When you find the line with "Bem-vindo (a) ao" among the records below, reproduce it and each line after it exactly, ending with the line with "Изменения геомагнитного индекса".

* _Records for this exercise_

______________________________

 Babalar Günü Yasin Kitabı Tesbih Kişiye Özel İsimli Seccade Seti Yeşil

______________________________

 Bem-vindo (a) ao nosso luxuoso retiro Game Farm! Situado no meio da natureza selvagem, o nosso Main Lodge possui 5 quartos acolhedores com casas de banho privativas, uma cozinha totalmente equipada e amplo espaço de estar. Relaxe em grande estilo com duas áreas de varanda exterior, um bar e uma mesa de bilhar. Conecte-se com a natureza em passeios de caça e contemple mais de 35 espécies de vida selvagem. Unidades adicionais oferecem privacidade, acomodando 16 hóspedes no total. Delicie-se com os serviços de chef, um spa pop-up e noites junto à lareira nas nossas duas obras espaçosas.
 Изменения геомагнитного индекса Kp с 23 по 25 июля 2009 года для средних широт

______________________________

* _Task solution_
 Bem-vindo (a) ao nosso luxuoso retiro Game Farm! Situado no meio da natureza selvagem, o nosso Main Lodge possui 5 quartos acolhedores com casas de banho privativas, uma cozinha totalmente equipada e amplo espaço de estar. Relaxe em grande estilo com duas áreas de varanda exterior, um bar e uma mesa de bilhar. Conecte-se com a natureza em passeios de caça e contemple mais de 35 espécies de vida selvagem. Unidades adicionais oferecem privacidade, acomodando 16 hóspedes no total. Delicie-se com os serviços de chef, um spa pop-up e noites junto à lareira nas nossas duas obras espaçosas.
 Изменения геомагнитного индекса Kp с 23 по 25 июля 2009 года для средних широт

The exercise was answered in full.